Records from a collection
————————

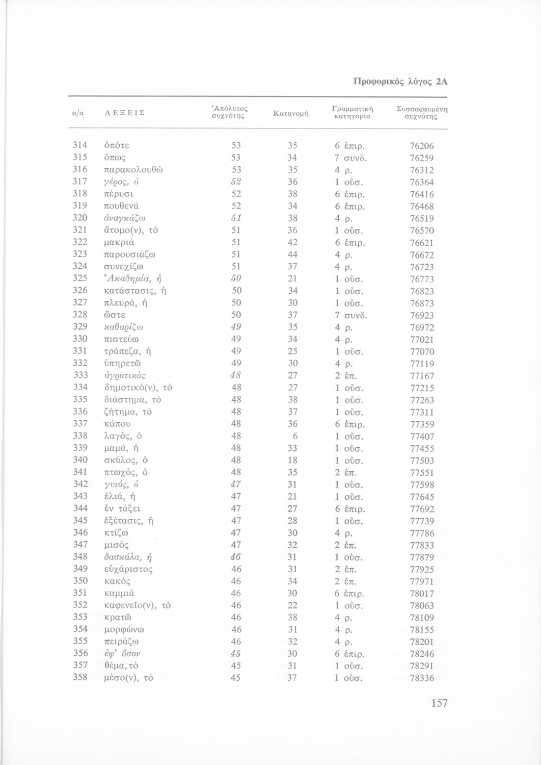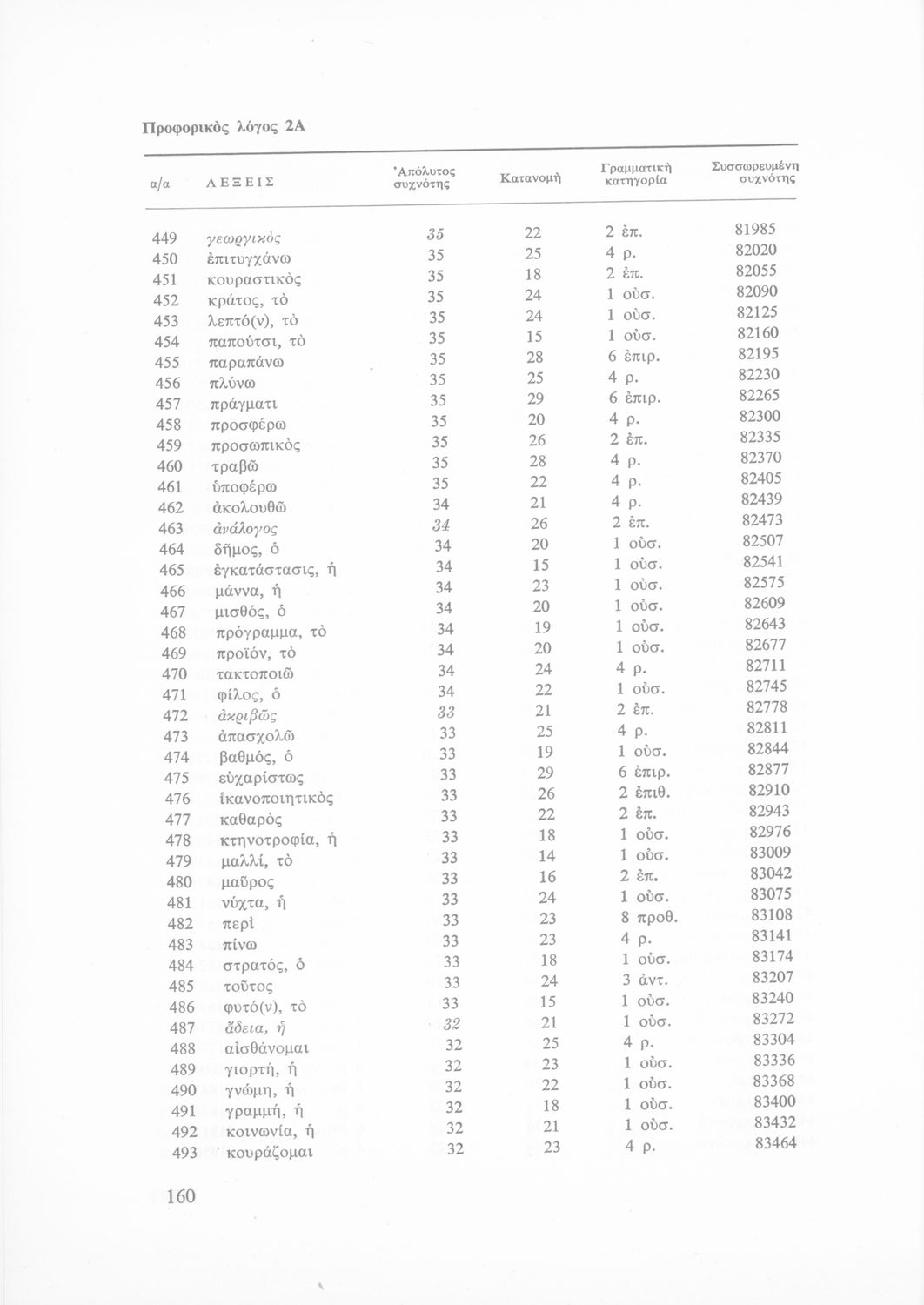 Έρευνα πάνω στη νέα ελληνική που αποσκοπεί στην κατάρτιση και διδασκαλία ενός βασικού λεξιλογίου και της ορθογραφίας του. Φέρει το σύμβολο της δικτατορίας.
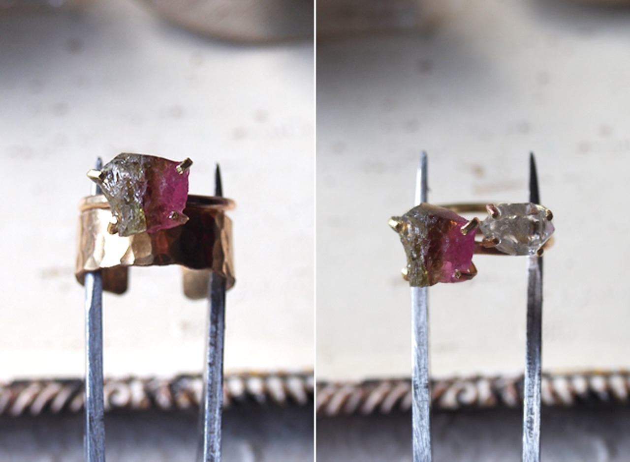 あたたかいゴールド色の真鍮で、原石をラフに留めシンプルなリングにしました。
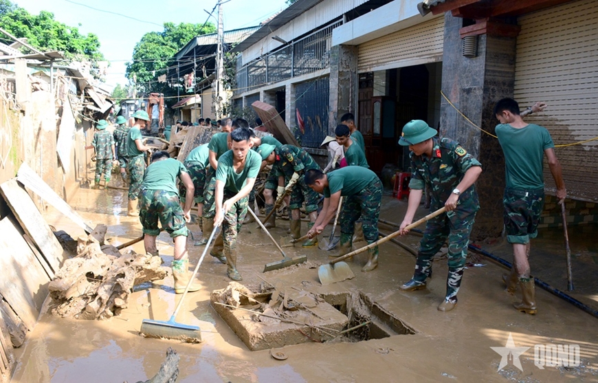 Cán bộ, chiến sĩ Trung đoàn 1, Sư đoàn 324 (Quân khu 4) giúp nhân dân xã Tương Dương (Nghệ An) khắc phục bão số 3 (tháng 7-2025). Ảnh: KHÁNH TRÌNH |
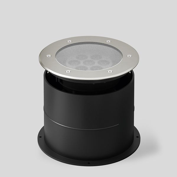 BEGA Bodeneinbauleuchte 85043RK27, überrollbar für Druckbelastung bis 5.000 kg (~50 kN). Rutschhemmendes Glas nach DIN 51130 R 13, mattiert. Fokussierte Lichtstärkeverteilung mit eingebautem Raster zur Streulichtreduzierung. LED, 33 W Leuchten-Anschlussleistung, Leuchten-Lichtstrom null, Halbstreuwinkel 5°, Farbtemperatur 2700 K. Farbwiedergabeindex (CRI) > 80. Mit austauschbarem BEGA LED-Modul mit Übertemperaturschutz und einer Lebenserwartung von mindestens 50.000 Betriebsstunden. 20-jährige Nachliefergarantie auf das LED-Modul und die Verschleißteile. Mit BEGA Ultimate Driver® LED-Netzteil, DALI-steuerbar, 220-240 V, 0/50-60 Hz. Schutzart IP 68 10 m. Leuchten- und Einbaugehäuse aus hochkorrosionsfestem Aluminium. Beschichtungstechnologie BEGA Tricoat® Druckaufnahmering aus glasfaserverstärktem Kunststoff. Abdeckring aus Edelstahl, Werkstoff-Nr. 1.4301. Reflektoroberfläche aus eloxiertem Reinstaluminium. BEGA Hybrid Optics® : Hocheffiziente und verlustarme Lichtverteilung durch Reflektor und optischer Linse. 1,8 m wasserbeständige Anschlussleitung 07RN8-F 5 G 1 qmm mit eingebautem Wasserstopper und 1,2 m PVC-Installationsrohr. Leuchtendurchmesser 330 mm, Einbautiefe 250 mm. Einbauöffnung Ø 355 mm.
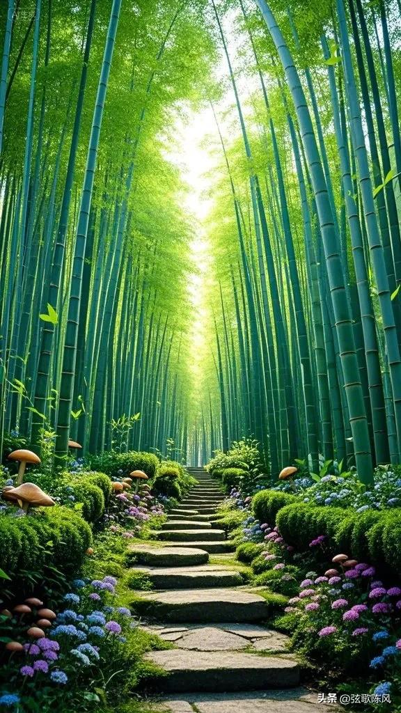 这句诗“竹海之美一一晨雾轻笼碧树间,山家隐现似桃源”描绘了一幅宁静、神秘而又充满诗意的画面,极具感染力。我们可以从以下几个方面来理解和欣赏它的美:
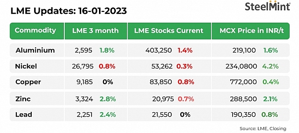 On the Multi Commodity Exchange (MCX), futures prices showed a mixed trend. Nickel increased by 4.2% to INR 2,340/kg, lead edged up by 0.8% to INR 188.9/kg, copper remained almost stable at INR 772/kg, aluminium edged up by 1.6% to INR 219/kg, and zinc rose 2.1% to INR 288/kg.
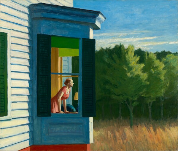Ένα παράδειγμα αποτελεί το έργο του 1950 με τίτλο «Πρωί στο Cape Code», όπου μια γυναίκα κοιτάζει έξω από το παράθυρο ενός σπιτιού. Το πρόσωπό της λούζεται από το φως του ήλιου, ενώ εκείνη κοιτάζει κάτι που ο θεατής δεν μπορεί να δει, επειδή βρίσκεται εκτός της περιοχής που αναπαριστά ο πίνακας. Τι θα μπορούσε να είναι άραγε; Αυτό είναι κάθε φορά το ερώτημα που αναδύεται. Στις τοπιογραφίες του Hopper ό,τι είναι ορατό έχει και ένα υποκειμενικό αόρατο αντίβαρο, του οποίου ο ορισμός εναπόκειται στον θεατή.
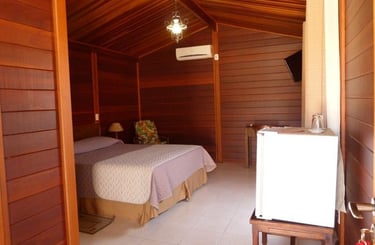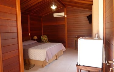 Com 26,25 m², o projeto Bozeman é um modelo compacto, ideal para pousadas, chalés ou suítes individuais, unindo conforto, praticidade e o charme da madeira natural.
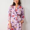 Toast to bedtime luxury in this champagne print sleepwear. Our satin Wrap Set features retro caviar tins and bubbly flutes on silky Eco Satin in sophisticated Lavender Spritz. The adjustable wrap top and wide-leg pants with pockets deliver relaxed comfort. Perfect for celebrating quiet evenings or gifting someone with exquisite taste. Discover more in our collection, , and .
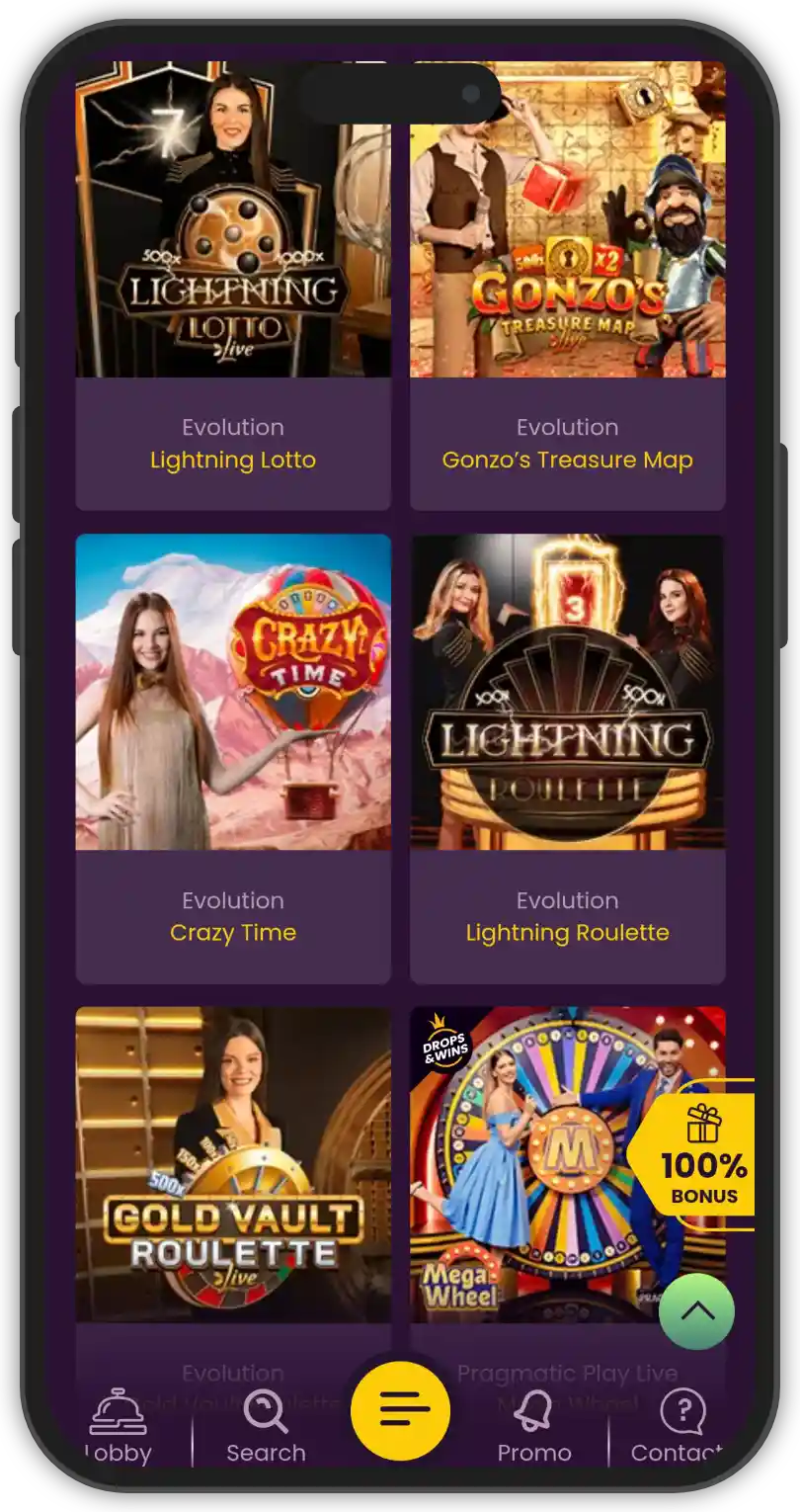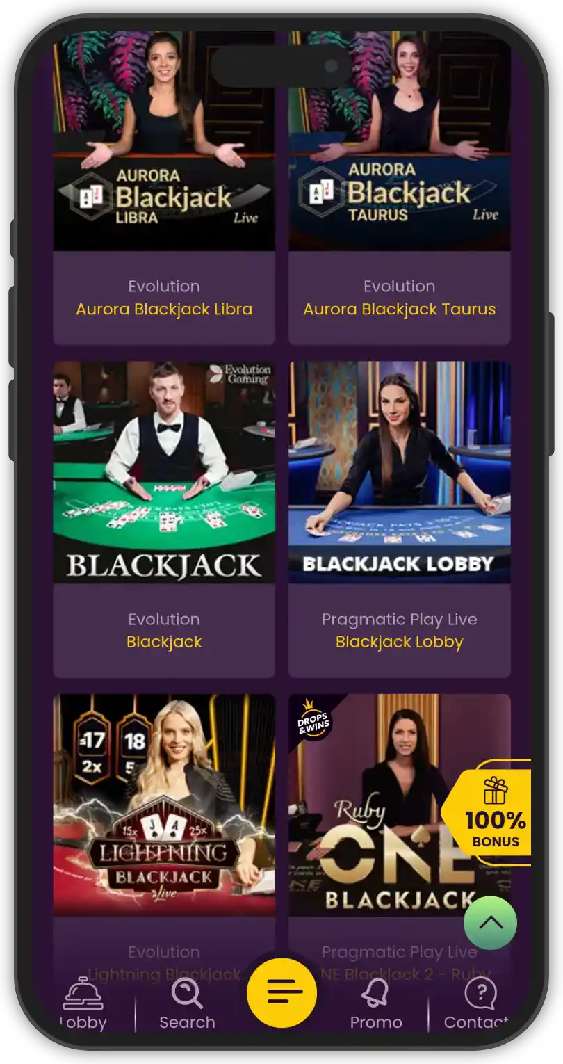 Pragmatic Play Live’s games can also be seen in the lobby, so you have a range of titles to enjoy. Whether it’s classic blackjack, a game of live roulette, or one of the exciting live dealer shows, Bizzo’s live casino is as good as it gets.
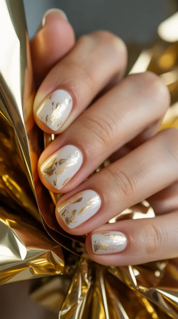 White and gold accent nails balance minimalism with luxury. The soft white base paired with fine gold flakes catches just enough light for a subtle sparkle. This winter nails design screams holiday chic. π

————————

WORK ITEM. Leave out the pictures. Transcribe only the lines above, from the first through the one that contains "Cán bộ, chiến".

COMPLETED TASK.
 Έρευνα πάνω στη νέα ελληνική που αποσκοπεί στην κατάρτιση και διδασκαλία ενός βασικού λεξιλογίου και της ορθογραφίας του. Φέρει το σύμβολο της δικτατορίας.
 あたたかいゴールド色の真鍮で、原石をラフに留めシンプルなリングにしました。
 Cán bộ, chiến sĩ Trung đoàn 1, Sư đoàn 324 (Quân khu 4) giúp nhân dân xã Tương Dương (Nghệ An) khắc phục bão số 3 (tháng 7-2025). Ảnh: KHÁNH TRÌNH |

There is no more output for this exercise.